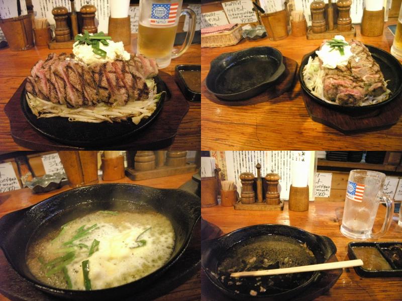 ステーキのドンでは、レア焼きのステーキと焼けた石が鉄板の上に乗っていて、自分で石の上でお好みに焼いて食べるスタイルなんですよ。結構おいしい。
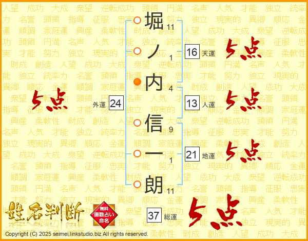 堀ノ内信一朗さんの総運は37画の5点!
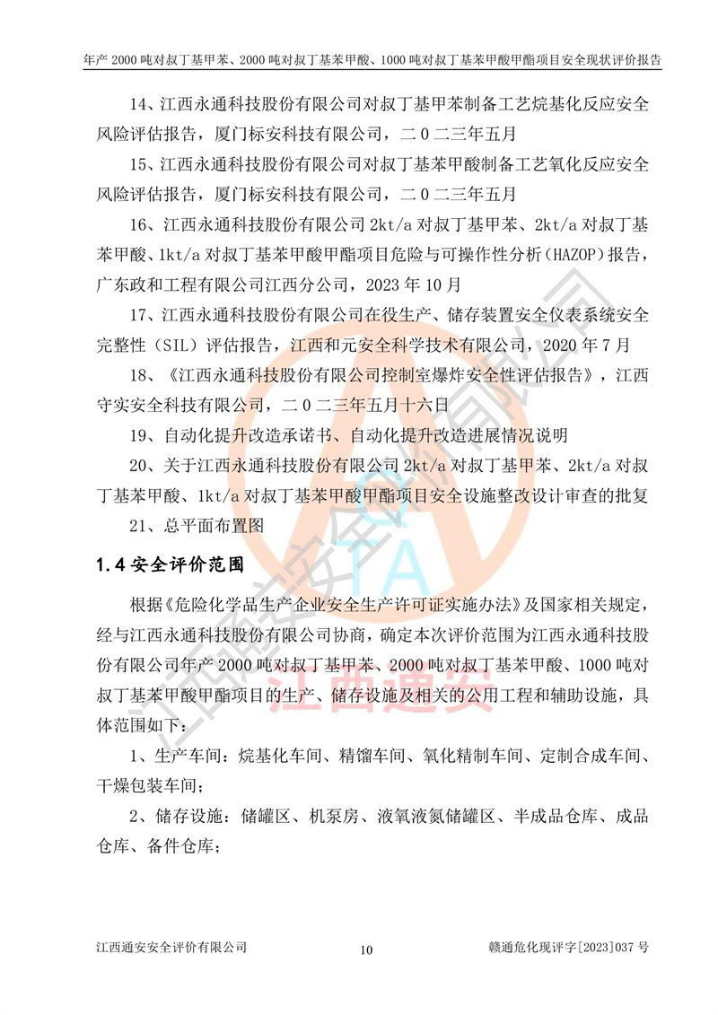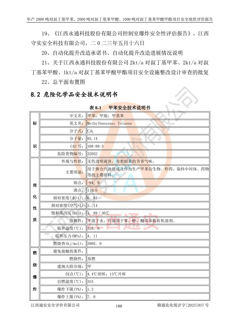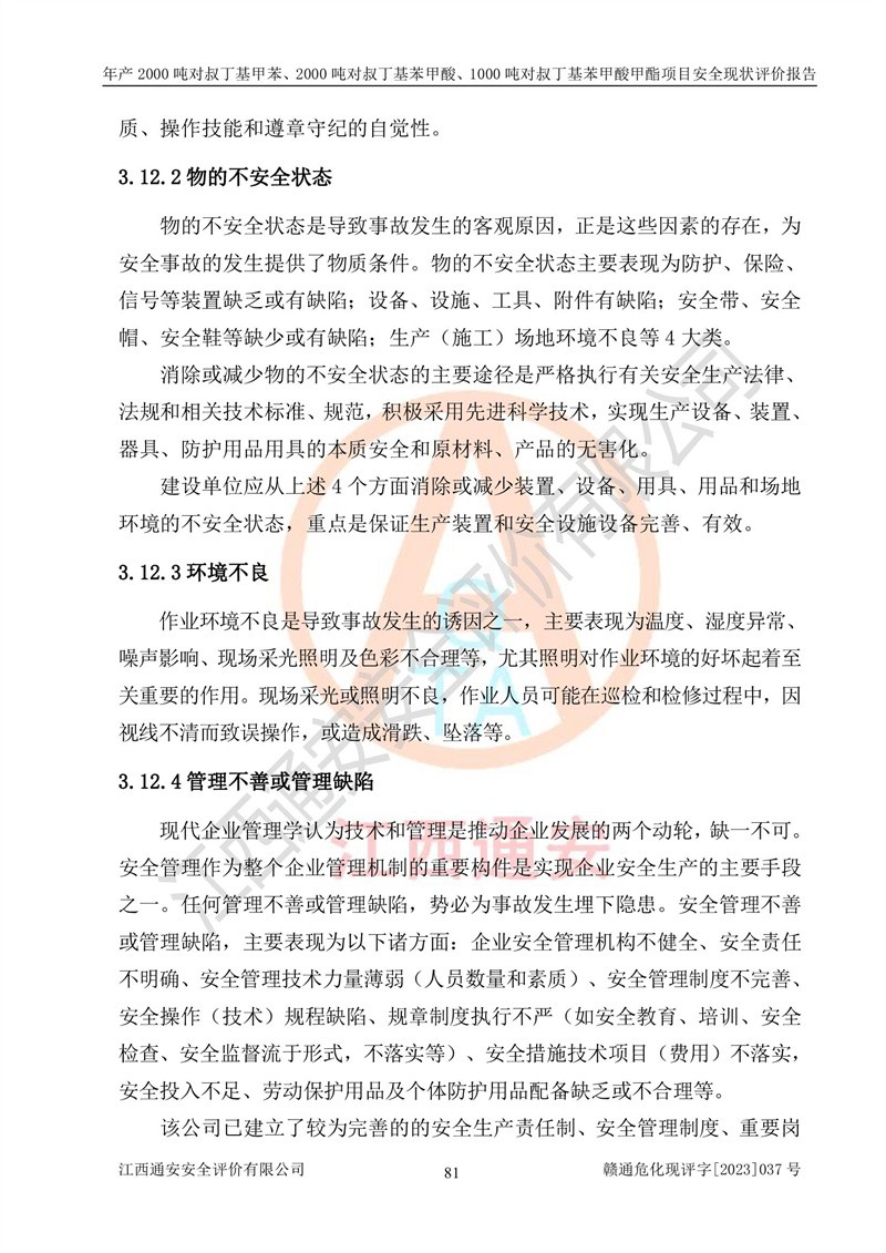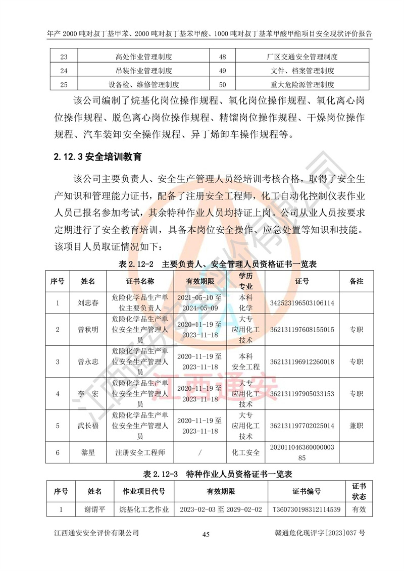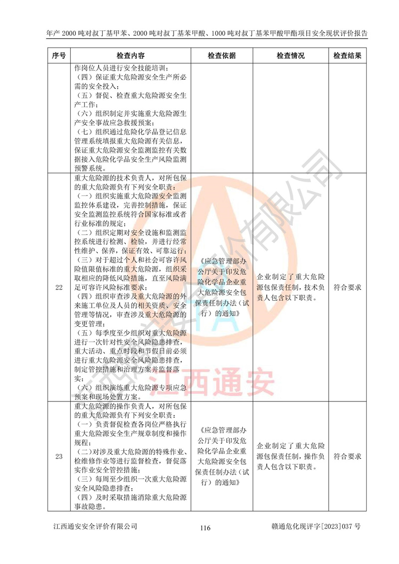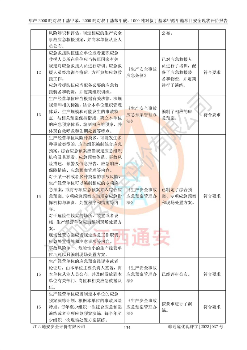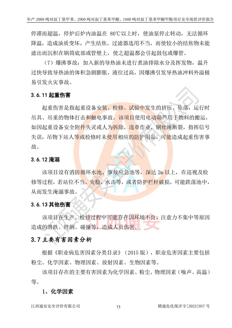 江西永通科技股份有限公司位于江西省贛州市寧都縣工業(yè)園,法定**人為劉忠春,成立于2009年09月25日,注冊(cè)資本玖仟陸佰肆拾陸萬(wàn)陸仟元整,營(yíng)業(yè)執(zhí)照經(jīng)營(yíng)范圍為化學(xué)原料藥、醫(yī)藥中間體等研發(fā)、生產(chǎn)、銷售等。 江西永通科技股份有限公司2020年10月26日取得了《安全生產(chǎn)許可證》,許可證編號(hào):(贛)WH安許證字[2011]0642號(hào),許可范圍為對(duì)叔丁基甲苯(2kt/a)、對(duì)叔丁基苯甲酸(2kt/a)、對(duì)叔丁基苯甲酸甲酯(1kt/a),**期:2020年10月26日至2023年10月25日。該公司2021年10月22日取得了安全生產(chǎn)標(biāo)準(zhǔn)化證書,證書編號(hào):贛市AQBWHⅢ[2021]168,**期至2024年10月21日。該公司現(xiàn)有員工133人,其中專職安全管理人員3人。 江西永通科技股份有限公司年產(chǎn)2000噸對(duì)叔丁基甲苯、2000噸對(duì)叔丁基苯甲酸、1000噸對(duì)叔丁基苯甲酸甲酯項(xiàng)目生產(chǎn)過(guò)程中涉及的原輔材料為甲苯、異丁烯、液氧(氧氣)、甲醇、濃硫酸、液堿(氫氧化鈉)、活性炭、硅藻土、氧化催化劑和氮?dú)?,產(chǎn)品為對(duì)叔丁基甲苯、對(duì)叔丁基苯甲酸和對(duì)叔丁基苯甲酸甲酯。根據(jù)《危險(xiǎn)化學(xué)品目錄》,該項(xiàng)目涉及的甲苯、異丁烯、液氧(氧氣)、甲醇、濃硫酸、液堿(氫氧化鈉)和氮?dú)鈱儆?/span>危險(xiǎn)化學(xué)品。經(jīng)辨識(shí),甲苯和甲醇屬于重點(diǎn)監(jiān)管的危險(xiǎn)化學(xué)品,甲苯和硫酸屬于第三類易制毒化學(xué)品、甲醇屬于特別管控的危險(xiǎn)化學(xué)品,不涉及監(jiān)控化學(xué)品、易制爆危險(xiǎn)化學(xué)品、劇毒化學(xué)品和高毒物品,儲(chǔ)罐區(qū)構(gòu)成三級(jí)重大危險(xiǎn)源,其他生產(chǎn)、儲(chǔ)存單元不構(gòu)成危險(xiǎn)化學(xué)品重大危險(xiǎn)源,涉及的烷基化反應(yīng)和氧化反應(yīng)屬于重點(diǎn)監(jiān)管的危險(xiǎn)化工工藝。根據(jù)《安全生產(chǎn)許可證條例》、《危險(xiǎn)化學(xué)品安全管理?xiàng)l例》和《危險(xiǎn)化學(xué)品生產(chǎn)企業(yè)安全生產(chǎn)許可實(shí)施辦法》的相關(guān)規(guī)定,該項(xiàng)目涉及甲苯回收,需要辦理危險(xiǎn)化學(xué)品安全生產(chǎn)許可證。根據(jù)生產(chǎn)工藝特點(diǎn)及物料的理化特性可知,該項(xiàng)目生產(chǎn)過(guò)程中存在火災(zāi)與爆炸、中毒與窒息、觸電、機(jī)械傷害等危險(xiǎn)有害因素。 該公司自2020年10月26日取得安全生產(chǎn)許可證以來(lái),生產(chǎn)運(yùn)行正常,未發(fā)生一般及以上生產(chǎn)安全事故。 |

★ ★ ★ ★ ★ ★ ★

## Work to complete
Each line above should be written out again exactly, and no picture should appear in the copy.

## Answer box
 ステーキのドンでは、レア焼きのステーキと焼けた石が鉄板の上に乗っていて、自分で石の上でお好みに焼いて食べるスタイルなんですよ。結構おいしい。
 堀ノ内信一朗さんの総運は37画の5点!
 江西永通科技股份有限公司位于江西省贛州市寧都縣工業(yè)園,法定**人為劉忠春,成立于2009年09月25日,注冊(cè)資本玖仟陸佰肆拾陸萬(wàn)陸仟元整,營(yíng)業(yè)執(zhí)照經(jīng)營(yíng)范圍為化學(xué)原料藥、醫(yī)藥中間體等研發(fā)、生產(chǎn)、銷售等。 江西永通科技股份有限公司2020年10月26日取得了《安全生產(chǎn)許可證》,許可證編號(hào):(贛)WH安許證字[2011]0642號(hào),許可范圍為對(duì)叔丁基甲苯(2kt/a)、對(duì)叔丁基苯甲酸(2kt/a)、對(duì)叔丁基苯甲酸甲酯(1kt/a),**期:2020年10月26日至2023年10月25日。該公司2021年10月22日取得了安全生產(chǎn)標(biāo)準(zhǔn)化證書,證書編號(hào):贛市AQBWHⅢ[2021]168,**期至2024年10月21日。該公司現(xiàn)有員工133人,其中專職安全管理人員3人。 江西永通科技股份有限公司年產(chǎn)2000噸對(duì)叔丁基甲苯、2000噸對(duì)叔丁基苯甲酸、1000噸對(duì)叔丁基苯甲酸甲酯項(xiàng)目生產(chǎn)過(guò)程中涉及的原輔材料為甲苯、異丁烯、液氧(氧氣)、甲醇、濃硫酸、液堿(氫氧化鈉)、活性炭、硅藻土、氧化催化劑和氮?dú)?,產(chǎn)品為對(duì)叔丁基甲苯、對(duì)叔丁基苯甲酸和對(duì)叔丁基苯甲酸甲酯。根據(jù)《危險(xiǎn)化學(xué)品目錄》,該項(xiàng)目涉及的甲苯、異丁烯、液氧(氧氣)、甲醇、濃硫酸、液堿(氫氧化鈉)和氮?dú)鈱儆?/span>危險(xiǎn)化學(xué)品。經(jīng)辨識(shí),甲苯和甲醇屬于重點(diǎn)監(jiān)管的危險(xiǎn)化學(xué)品,甲苯和硫酸屬于第三類易制毒化學(xué)品、甲醇屬于特別管控的危險(xiǎn)化學(xué)品,不涉及監(jiān)控化學(xué)品、易制爆危險(xiǎn)化學(xué)品、劇毒化學(xué)品和高毒物品,儲(chǔ)罐區(qū)構(gòu)成三級(jí)重大危險(xiǎn)源,其他生產(chǎn)、儲(chǔ)存單元不構(gòu)成危險(xiǎn)化學(xué)品重大危險(xiǎn)源,涉及的烷基化反應(yīng)和氧化反應(yīng)屬于重點(diǎn)監(jiān)管的危險(xiǎn)化工工藝。根據(jù)《安全生產(chǎn)許可證條例》、《危險(xiǎn)化學(xué)品安全管理?xiàng)l例》和《危險(xiǎn)化學(xué)品生產(chǎn)企業(yè)安全生產(chǎn)許可實(shí)施辦法》的相關(guān)規(guī)定,該項(xiàng)目涉及甲苯回收,需要辦理危險(xiǎn)化學(xué)品安全生產(chǎn)許可證。根據(jù)生產(chǎn)工藝特點(diǎn)及物料的理化特性可知,該項(xiàng)目生產(chǎn)過(guò)程中存在火災(zāi)與爆炸、中毒與窒息、觸電、機(jī)械傷害等危險(xiǎn)有害因素。 該公司自2020年10月26日取得安全生產(chǎn)許可證以來(lái),生產(chǎn)運(yùn)行正常,未發(fā)生一般及以上生產(chǎn)安全事故。 |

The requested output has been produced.